Но он чувствовал непреодолимое отвращение к необходимости говорить со швейцарцем о таком предмете, который касался Анны Гейерштейнской. Что Рудольф старательно искал ее благосклонности, это не подлежало никакому сомнению; и хотя Артуру во всех отношениях следовало бы отказаться от соперничества с ним, тем не менее он не в состоянии был перенести мысль, что соперник его может иметь успех, и не иначе, как с болью услыхал бы произносимое им ее имя.
Может быть, именно вследствие этой тайной раздражительности Артур, хотя и старавшийся сколь возможно скрывать и обуздывать волновавшие его чувства, питал, однако, непреодолимую неприязнь к Донергугелю, чье откровенное, но иногда слишком грубое дружелюбие смешивалось с какой-то надменностью и властолюбием, очень не нравившимися гордому англичанину. Он отвечал на дружбу швейцарца с равной искренностью, но ему часто приходила охота унизить и уменьшить его самонадеянность. Обстоятельства их поединка не давали швейцарцу ни малейшего повода считать себя победителем, и Артур не считал себя принадлежащим к отряду швейцарских юношей, которыми Рудольф командовал по общему согласию. Филипсону так было не по вкусу это притязание Рудольфа на превосходство, что даваемый ему в шутку титул короля Артура, на который он, Артур, не обращал даже внимания, когда шутя его величали так сыновья Бидермана, казался ему обидным, если Рудольф позволял себе эту же вольность; так что он часто был в затруднительном положении человека, который внутренне сердится, не имея никакого предлога для того, чтобы обнаружить свое неудовольствие. Без сомнения, корнем всей этой скрытной неприязни было чувство соперничества, но в этом чувстве Артур сам себе не смел признаться. Оно, однако, было достаточно сильно, чтобы отбить у него охоту рассказать Рудольфу о ночном приключении, которое так его интересовало, и так как он не поддержал разговора, начатого его спутником, то они шли друг подле друга молча, беспрестанно оглядываясь вокруг себя, исполняя этим свою обязанность ревностных караульных.

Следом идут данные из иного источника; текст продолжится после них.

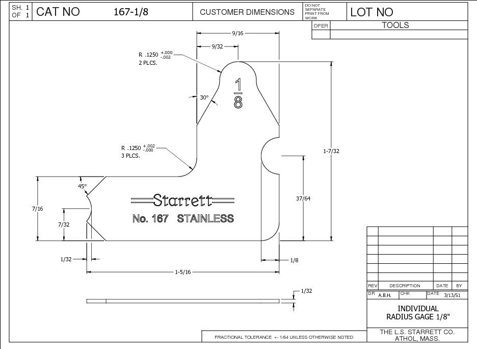 Steel Radius Gage, 1/8″ Range, Inch Reading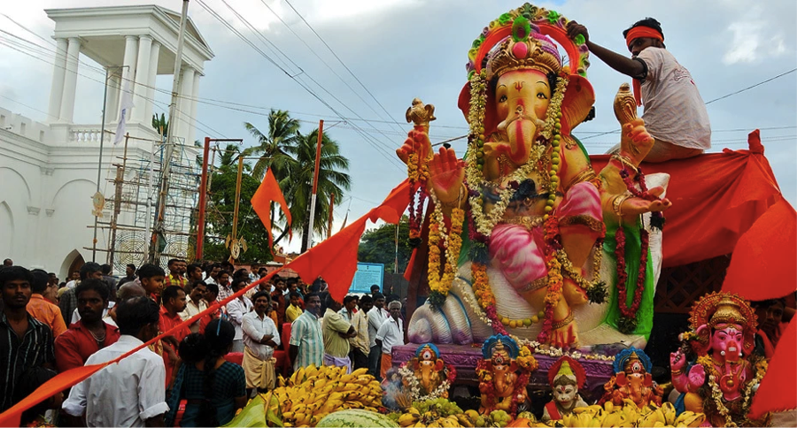 Photograph showing the celebration of the Ganesh Chaturthi festival, centered around the figure of the Hindu elephant-headed god Ganesh, Mumbai's favorite deity.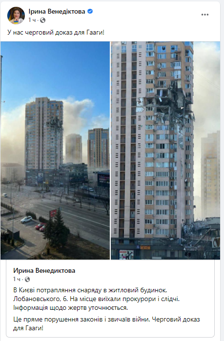 "26 февраля в ГСЧС поступила информация, что по проспекту Лобановского, 6а произошло попадание ракеты в многоэтажный жилой дом (17-18 этаж). Количество пострадавших уточняется. Проводится эвакуация".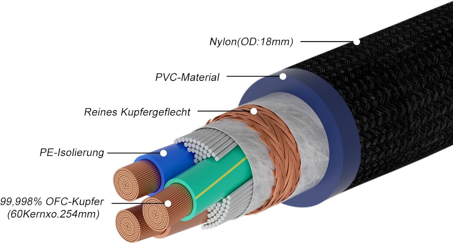 - Audiosystem verbessern: Audiophiles Stromkabel, reduziert Geräusche erheblich und verbessert das gesamte Audiosystem mit grösserer Dynamik.

Они прошли с милю по лесу и по полю, сделав довольно большой круг для удостоверения, что между ними и развалинами Графслуста нет никакой засады. Вдруг старая собака, которую вел передовой швейцарец, остановилась и глухо заворчала.

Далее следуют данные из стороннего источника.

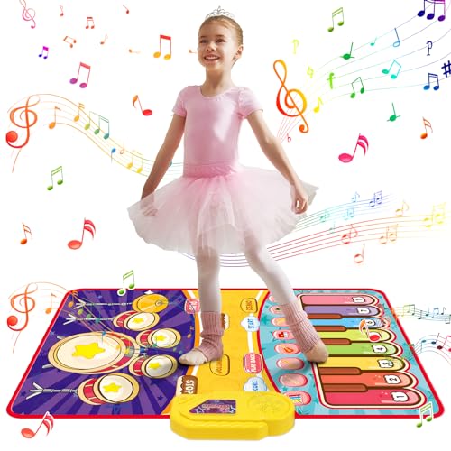 ピアノマット おもちゃ Skirfy ダンスマット 子供向け 知育玩具 2in1遊び方 鍵盤楽器 ドラムモード 折り畳み式 子供 誕生日 クリスマス プレゼント 13曲デモ 8鍵盤 8種類楽器音 ミュージックマット 録音再生機能 音量調整可能 ピアノおもちゃ 防水素材 滑り止め 親子ゲーム 女の子 男の子 ギフト 日本語説明書付き DW802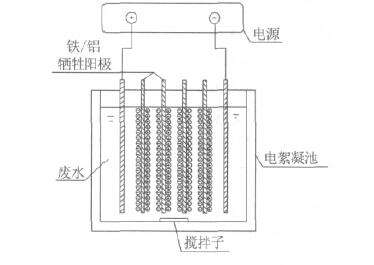 可溶性陽(yáng)極例如鐵、鋁等陽(yáng)極,在電源作用下,陽(yáng)極失去電子后,形成金屬陽(yáng)離子Fe2+、Al3+,與溶液中的OH-成金屬氫氧化物膠體絮凝劑,吸附能力極強(qiáng),將廢水中的污染物質(zhì)吸附共沉而去除。

— Что ты это, Вольф-Фангер? — сказал Рудольф, подходя к ней. — Что ты, старый товарищ? Разве ты уж больше не умеешь отличать друзей от неприятелей? Подумай хорошенько… ты не должен на старости лет утратить свою славу. Обнюхай-ка еще раз.
Собака подняла голову, обнюхала кругом воздух, как будто понимая, что сказал ее господин, и в ответ начала махать хвостом и головой.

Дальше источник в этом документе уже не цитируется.